Configure Evaluators¶

In Evaluation Studio, evaluators are tools used to assess how well a model is performing based on specific tasks. They function like custom prompts or instructions designed to check certain aspects of a model’s output.

For example, an evaluator can be set up to assess content completeness. It takes inputs and outputs from a model and is programmed to compare the results against predefined criteria to check if the content is complete.

Types of Evaluators¶

In Evaluation Studio, there are two primary types of evaluators: AI evaluators and Human evaluators.

AI Evaluators¶

AI Evaluators are predefined sets of instructions provided to a large language model (LLM), whether open-source or commercial, to evaluate its outputs. These evaluators assess the model’s performance by comparing its outputs against predefined criteria or instructions, using a dataset of input and output data.

There are two types of AI evaluators:

System AI Evaluators: These are pre-built evaluators provided by the platform to assess common aspects of model performance, such as quality, correctness, and safety. These evaluators are ready-to-use and cannot be modified, providing a quick and efficient way for users to evaluate models.
Custom AI Evaluators: Users can create custom evaluators tailored to their specific needs. These evaluators allow users to define their own evaluation prompts and scoring mechanisms, offering more flexibility. Custom AI evaluators are particularly useful for evaluating unique datasets or specialized tasks, giving users full control over how models are assessed.

Note

Users can access all the available system evaluators through the global Evaluators page located at the project level. Simply click the Evaluators tab, located next to the Projects tab. This page provides an overview of available evaluators that can be applied to datasets for evaluation.

System Evaluators are grouped into three categories: Quality, Safety, and RAGAS evaluators.

Quality Metrics¶

Quality metrics assess the overall effectiveness and usefulness of the model's outputs. These metrics focus on whether the content generated by the model is clear, accurate, and complete.

Below are the key quality metrics and the components required in the dataset to use these evaluators:

Metric	Description	Required Dataset Components
Groundness	Evaluates whether the output accurately reflects the information provided in the input without introducing additional details from the model’s knowledge base.	Input, Output
Query Relevance	Assesses the relevance of the output to a user query and ensures the output is related to the given input.	Input, Output, User Query
Ground Truth Relevance	Compares the output to a provided ground truth to assess the relevance between input and output.	Input, Output, Ground Truth
Coherence	Evaluates how logically consistent and well-structured the generated output is, assessing its natural flow and readability.	Output
Fluency	Assesses the quality of individual sentences in the output, checking if they are grammatically correct and well-written.	Output
GPT Similarity Score	Compares the model’s response with a superior model's response (e.g., GPT) for a given input.	Input, your model’s response, Superior model’s response
Paraphrasing	Assesses whether the output conveys the same meaning as the input using different phrasing and sentence structures.	Input, Output
Completeness	Evaluates whether the output conveys the full context from the input, checking if any information was lost or omitted.	Input, Output

Safety Metrics¶

Safety metrics focus on evaluating whether the model’s outputs are free from harmful or unethical content.
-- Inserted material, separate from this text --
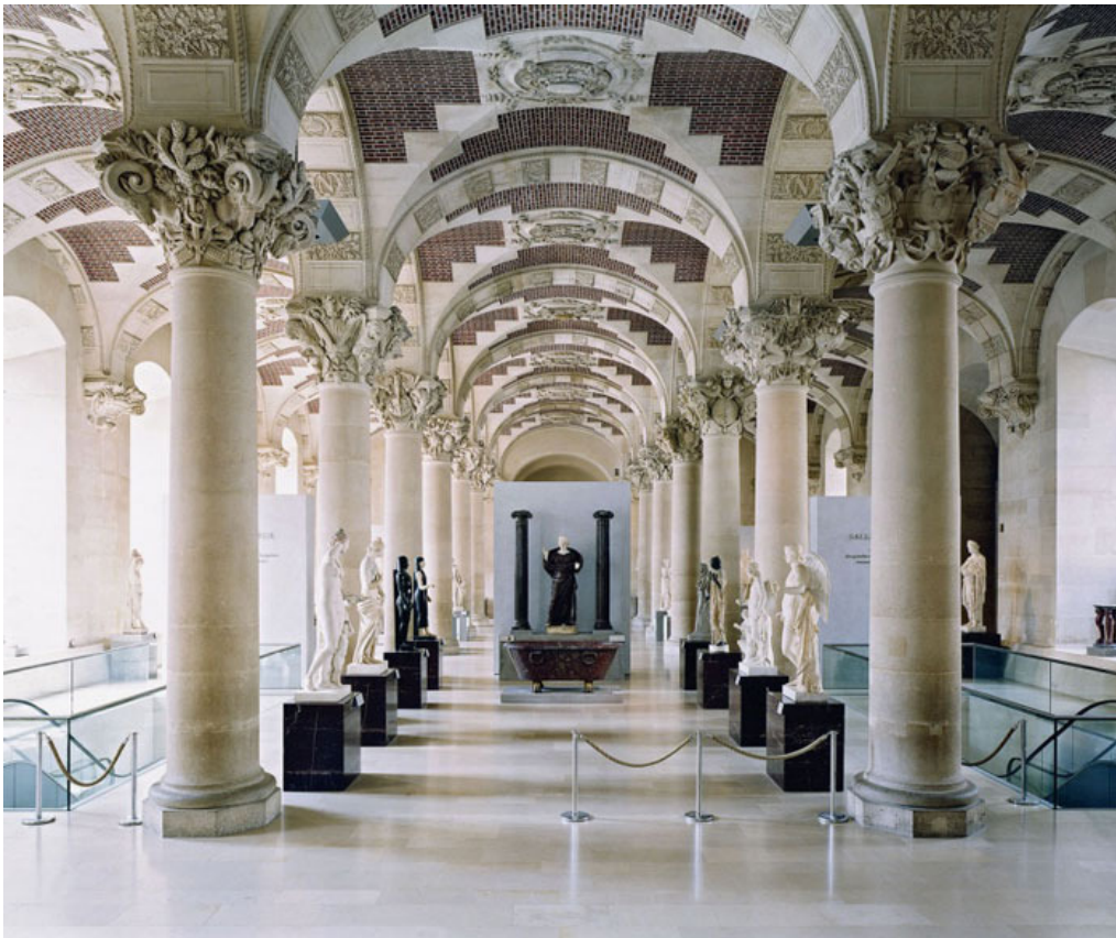
candida höfer, musee du louvre Paris IX, 2005, c-print

Candida Höfer's photographs of interiors of public buildings have nobody in them but seem portrait-like nonetheless. As in her recent show at Sonnabend Gallery, "Florence and Naples," she titles her pieces after her "sitters," with names referring to institutions such as libraries and galleries rather than people. She tends to shoot each actionless room from an elevated vantage point near one wall so that the far wall is centered within the resulting image; instead of receding into space, the far walls, with such a framing device, seem to project forward toward the viewer. Background spaces become primary subjects.

These metrics are crucial for ensuring that AI models do not produce dangerous or biased results.

Below are the key safety metrics and the components required in the dataset to use these evaluators:

Metric	Description	Required Dataset Components
Bias Detection	Analyzes the output for potential biases related to specified topics, ensuring that the model doesn’t exhibit unfair or discriminatory tendencies.	Output
Banned Topics	Scans the output for prohibited content related to specific topics, like sensitive political issues or illegal activities.	Output
Toxicity	Screens the output for toxic content, such as violent, sexual, or otherwise inappropriate material.	Output

RAGAS Evaluators¶

RAGAS evaluators serve as system evaluators within Evaluation Studio, playing a crucial role in assessing the performance of RAG (Retrieval-Augmented Generation) pipelines. These evaluators assess both the accuracy of the answer and the relevance of the contexts used.

For example, when a user query is processed, the pipeline returns an answer along with the contexts from which the answer was derived. RAGAS evaluators evaluate the quality of both the answer and the retrieved contexts, ensuring a thorough evaluation of the model’s performance.

Users can fine-tune the evaluation process by adjusting key parameters to meet specific needs. While the evaluation prompts themselves cannot be modified, as their results directly impact the final score calculation, users have the flexibility to adjust the following parameters:

Model: Users can choose which model to use for the evaluation.
Pass Threshold: Users can modify the threshold required for a pass based on the evaluation criteria.
Variables in the Prompt: Users can attach variables depending on the specific metric being used, such as ground_truth, retrieved_contexts, user_input.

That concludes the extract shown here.